RESULTS: There were differences in social and economic circumstances, lifestyles, anthropometric measures and disease both between Indians, Pakistanis, and Bangladeshis and between all South Asians and Europeans. Bangladeshis and Pakistanis were the poorest groups. For most risk factors, the Bangladeshis (particularly men) fared the worst: smoking was most common (57%) in that group, and Bangladeshis had the highest concentrations of triglycerides (2.04 mmol/l) and fasting blood glucose (6.6 mmol/l) and the lowest concentration of high density lipoprotein cholesterol (0.97 mmol/l). Blood pressure, however, was lowest in Bangladeshis. Bangladeshis were the shortest (men 164 cm tall v 170 cm for Indians and 174 cm for Europeans). A higher proportion of Pakistani and Bangladeshi men had diabetes (22.4% and 26.6% respectively) than Indians (15.2%). Comparisons of all South Asians with Europeans hid some important differences, but South Asians were still disadvantaged in a wide range of risk factors. Findings in women were similar.

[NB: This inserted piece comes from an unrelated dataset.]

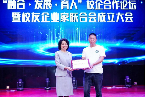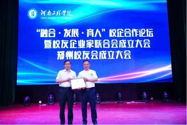 校长李利英向校友企业家联合会授牌,副校长张瑞林向郑州校友会授牌。
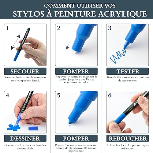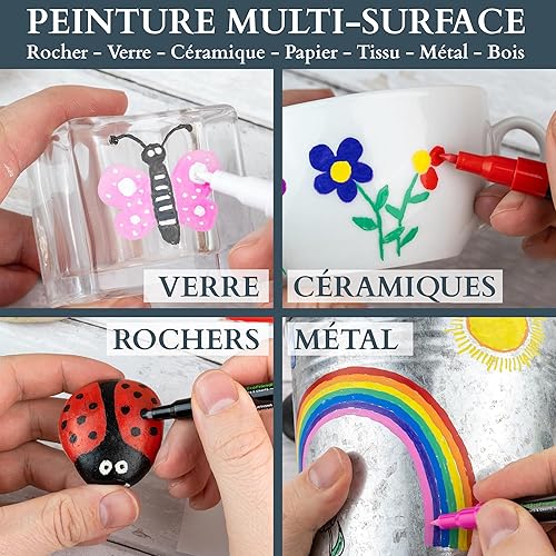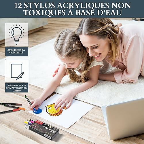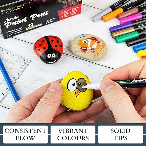 MHSEcoFriendly Lot de 12 stylos de peinture acrylique à pointe fine de 0,7 mm | Non toxiques et imperméables | Stylos pour peinture sur roche, pierre, galets, verre, céramique, bois et tissu |

CONCLUSION: Risk of coronary heart disease is not uniform among South Asians, and there are important differences between Indians, Pakistanis, and Bangladeshis for many coronary risk factors. The belief that, except for insulin resistance, South Asians have lower levels of coronary risk factors than Europeans is incorrect, and may have arisen from combining ethnic subgroups and examining a narrow range of factors.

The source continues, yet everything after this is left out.